Having a VHost Directory/Location scope of setting lazyload_images, or perhaps 
a a way to have regex filters when enabling lazyloading would be great.

I also believe that resource filter scope-ing would also be beneficial to CSS, 
JS and other resources.

I have not looked at how mod_pagespeed hooks into Apache/nginx to see how easy 
is to implement this at VHost location level, however, I would imagine a global 
setting using a regex when enabling the filter would be reasonably easy to 
implement.

One other note on lazyload_images - there is a theoretical issue in the current 
implementation around search engine crawlers which do not get to actually fetch 
the images out of the img tags. This is obviously not great. I have started a 
conversation around this offering an alternative mechanism - perhaps you may 
find it useful - 
https://groups.google.com/forum/?hl=en#!searchin/mod-pagespeed-discuss/lazyload$
20luci/mod-pagespeed-discuss/S_8U_cD5X44/-kxUkGBDypEJ

Original comment by l...@aura.travel on 23 Jul 2013 at 12:11

GoogleCodeExporter commented 9 years ago
Issue 1047 has been merged into this issue.

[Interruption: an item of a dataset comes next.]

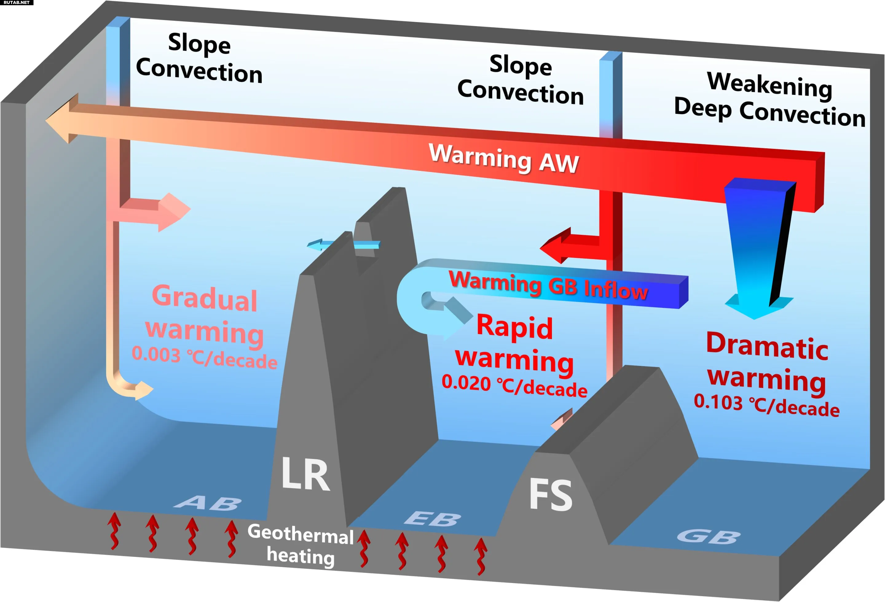 В течение многих лет учёные полагали, что любое потепление этих холодных глубин связано с геотермальным нагревом, то есть теплом, медленно просачивающимся вверх из ядра Земли. Однако недавние наблюдения показали, что скорость потепления в некоторых глубоких районах была выше, чем можно объяснить одним лишь геотермальным нагревом. Поэтому исследователи из Океанологического университета Китая и Лаборатории Лаошань решили изучить этот вопрос. Их исследование опубликовано в журнале Science Advances.

Original comment by sligocki@google.com on 5 Feb 2015 at 4:35

GoogleCodeExporter commented 9 years ago
Copying comment from Issue 1047:

It would be useful to allow/disallow wildcard patterns on a per-filter basis.

Example from mod-pagespeed-discuss:

I am using mod_pagespeed on Apache 2.4.7, everything is working fine but I 
don't know how to configure it to do what I want.

I have one domain www.mydomain.com that I am sharding on 
static1.mydomain.com,static2.mydomain.com,static3.mydomain.com and where I have 
rewrite_images enabled.

I have another domain coming from a cdn provider www.example-cdn.com that I use 
in my web at www.mydomain.com, for this cdn domain I am using 
ModPagespeedDisallow to avoid having pagespeed rewrite the images coming from 
that cdn.

Ok, all of this is working fine, the problem is, How could I shard 
www.example-cdn.com in my html if I don't want to rewrite images coming from 
the cdn but I want to rewrite_images on my own domain?

The problem I find it is that if I use ModPagespeedDisallow www.example-cdn.com 
I can't shard access to it and if I delete this disallow all the cdn's coming 
images will be rewritten if these images can be improved by pagespeed.

See a similar issue for defer_javascript in Issue 481.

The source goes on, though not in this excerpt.